June Dutton and Edith Vanocur wrote the book in 1967. The authors clearly enjoyed drinking and, according to the introduction, were willing to engage in “extensive lab testing over a prolonged period.” The illustrations by John Astrop and Eric Hill reinforce a jovial and positive point of view regarding alcohol. And then there is the typography. Never have so many odd typefaces come together to make something so wonderful. The mix of typefaces, from what appears to be Braggadocio to Tropicana, proves that mixing different serif typefaces together is perfectly acceptable.

If I were to deconstruct the imagery in Booze I would quickly recognize the cultural stereotyping. That, however, would detract from the magnificent illustrations and subject the book to our twenty-first century values. To take this a step further and more extreme on the watch for anything inappropriate, is this not “temporal inequity”? Should I be reprimanded for assuming my time in 2017 is superior to 1967? Booze was written when executives still had three martini lunches and then slept through the afternoon. Design is not Darwinian, it does not evolve to be better over time. It is a product of its time and place.

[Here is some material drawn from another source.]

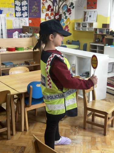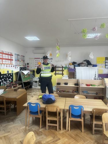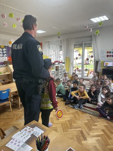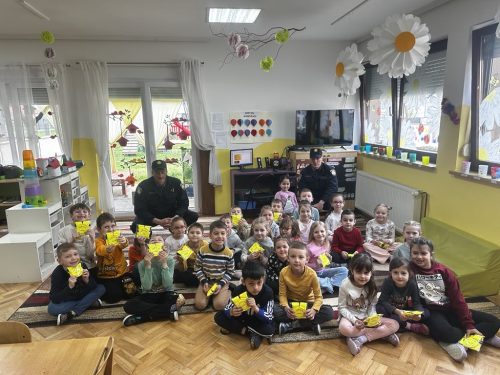 U ponedjeljak, 7. travnja Soviće su posjetili policajci u sklopu inicijative Moj prijatelj policajac. Policijski su službenici održali kratku edukaciju o ponašanju u prometu. Sovićima je bilo vrlo zanimljivo pa su s oduševljenjem i interesom slušali i sudjelovali u edukaciji. Kontakt policajac je najprije objasnio Sovićima zadaće prometnog policajca, a potom ih je upoznao i s osnovnim pravilima i ponašanjem u prometu. Sovići su tako naučili kako se trebaju ponašati u prometu kada hodaju pješice. Također, ponovili su što sve od opreme trebaju imati kada voze bicikl. Policajac ih je zamolio da oni sami podsjete svoje roditelje da uvijek trebaju biti vezani u automobilu i sjediti u autosjedalici. Sovići su ponovili što je to semafor te pješački prijelaz. Na kraju edukacije Sovići su dobili prigodan poklon, a to je reflektirajući prsluk. Budući da većina Sovića uskoro kreće u školu, osnovni cilj ove edukacije bio je pripremiti ih za buduće aktivno sudjelovanje u prometu kao i doprinijeti njihovoj sigurnosti kada se nalaze u prometu.

It’s difficult, however, to not notice that the hippies in paisley and polka dot shirts are “peaceniks” and pot smokers, the urban intellectual with bifocals uses words such as “amusing” (read into that what you will), Russians dress in Cossack garb and drink very strong vodka, Italians wear mobster attire and look shifty, Scottish men are hairy, burly, and drunks, and Irish men own bars. The spread with a party scene threw me, as I read “Honey! Please!” as in “Honey! Puhleeze!” coming from the two men at the bottom of the page. But it was pointed out to me that the businessman was saying this to the blonde table dancer. On the spread with the more civilized party, the military establishment General is clearly complaining to the other guest about young men needing to get their hair cut. This was a common theme during the 1960s, along with the saying, “Get a haircut and get a job.”

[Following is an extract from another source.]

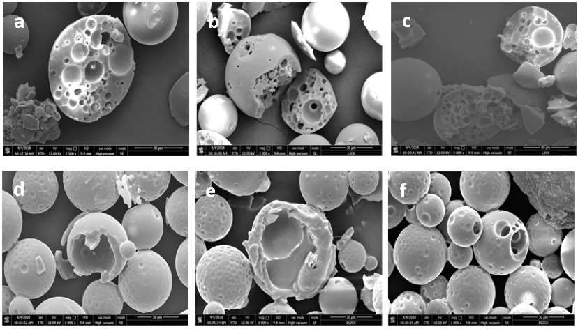 Caracterización por MEB de microcápsulas con contenido de CX generadas por el método de doble emulsión por evaporación de disolvente. La morfología externa de las microcápsulas de PL con CX, muestra una superficie suave con pequeños agujeros, son esféricas, y poseen una estructura interna tipo panal o reservorio, atribuida también a gotas de la solución de fármaco atrapadas dentro de las microcápsulas (Figura 2b). En el caso de PDL, son partículas esféricas, con superficie externa rugosa (Figura 2d). La estructura interna es un tanto diversa mostrando una morfología tipo cáscara (Figura 3d) y reservorio (específicamente en la Figura 3f donde se visualizan poros internos), con grandes agujeros a diferencia de la estructura interna de PL (Figuras 3a, 3b, y 3c). Esta diferencia en la estructura interna, se puede deber a una coalescencia de las gotas de la fase acuosa del fármaco de la primera emulsión en las microcápsulas de PDL, las cuales se concentraron en la matriz polimérica, en algunas microcápsulas, mientras que probablemente en la mayoría de ellas y en PL, la coalescencia de las gotas no fue completa y quedaron incrustadas en la matriz una vez que se evaporó el disolvente para formar las microesferas.

John Astrop and Eric Hill: illustration and Design. June Dutton and Edith Vanocur, authors. 1967


I am fairly certain that the motivation for these references was not malicious. These were fast reading cultural concepts used for clear communication. They align with Judy Prota’s campaign for Levy’s Rye Bread at Doyle Dane Bernbach in 1961. In order to expand the market beyond its base of Jewish customers in Brooklyn, Prost created the slogan, “You don’t have to be Jewish to love Levy’s.” The campaign featured photographs of a range of non-Jewish rye bread lovers. Again, to read quickly as not Jewish, these relied on cultural stereotypes: the Irish cop, the Native American with the feather in his hat, the Italian grandmother in the kitchen, and the Catholic choirboy. In 1961, this was “big idea” communication.


You don’t have to be Jewish to love Levy’s campaign. Judy Prota, Doyle Dane Bernbach, 1961

Design can and should be disruptive, controversial, provoking, and in the case of Booze, joyful and irreverent. If we eliminate cultural artifacts that do not adhere to our current principles, we open the door to removal of anything “disturbing” from the historical canon. If we do not discuss the difficult concepts and sweep them under the rug for fear of criticism, we create a culture of fear and silence. As designers, we walk the fine and constantly shifting line of what is acceptable and what is not. It would be easy to retreat to safe and wholesome subjects, but as Tibor Kalman said, “If you only do work nobody hates, nobody will love it.”